## Task directions
The result should be the listing below restated word for word, with images left out.

## Collected data

::::::::::

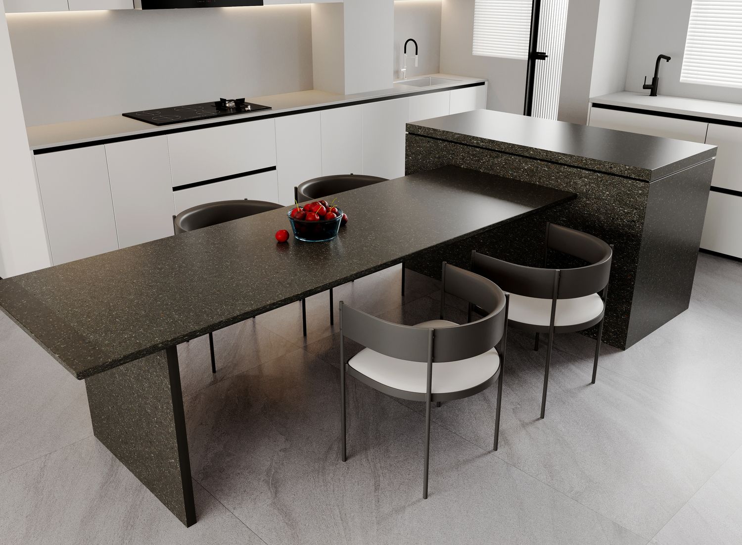This elegant sintered ceramic slab features a dark, speckled texture, perfect for stylish countertops or wall installations.
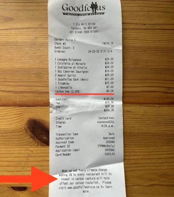 In een baanbrekende stap die zowel verrassend als vernieuwend is, beginnen Canadese restaurants 2 procent CO2-belasting toe te voegen aan hun rekeningen. Deze maatregel, hoewel onverwacht, opent een nieuw hoofdstuk in de strijd tegen klimaatverandering, rechtstreeks vanaf de eettafel.
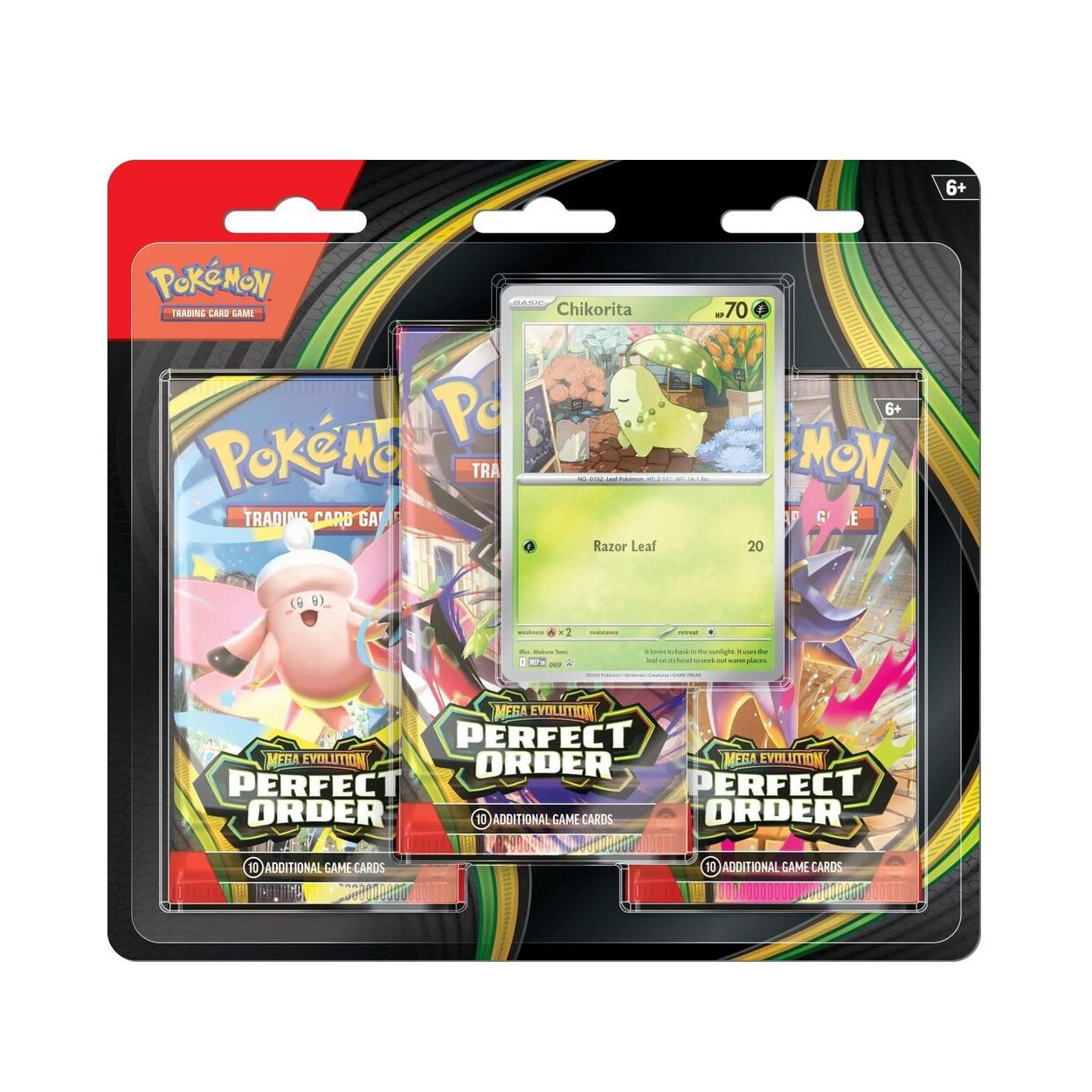 Pokémon Mega Evolution Perfect Order 3 Pack Blister Chikorita.
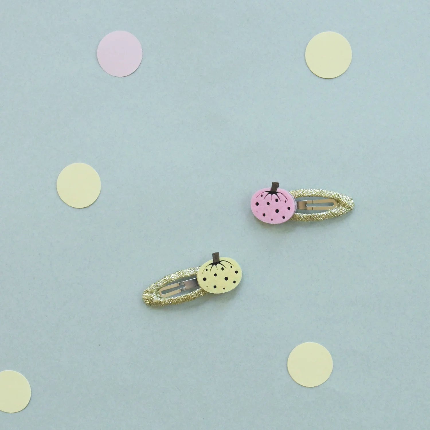 ¡Nuestras pequeñas pinzas para el pelo de calabaza con manchas son una forma súper divertida de agregar un poco de espíritu de Halloween a cualquier atuendo! En rosa chicle y amarillo suave, cada calabaza está decorada con puntos dulces y está asegurada a pinzas envueltas en cinta dorada.

::::::::::

## Answer to the problem
This elegant sintered ceramic slab features a dark, speckled texture, perfect for stylish countertops or wall installations.
 In een baanbrekende stap die zowel verrassend als vernieuwend is, beginnen Canadese restaurants 2 procent CO2-belasting toe te voegen aan hun rekeningen. Deze maatregel, hoewel onverwacht, opent een nieuw hoofdstuk in de strijd tegen klimaatverandering, rechtstreeks vanaf de eettafel.
 Pokémon Mega Evolution Perfect Order 3 Pack Blister Chikorita.
 ¡Nuestras pequeñas pinzas para el pelo de calabaza con manchas son una forma súper divertida de agregar un poco de espíritu de Halloween a cualquier atuendo! En rosa chicle y amarillo suave, cada calabaza está decorada con puntos dulces y está asegurada a pinzas envueltas en cinta dorada.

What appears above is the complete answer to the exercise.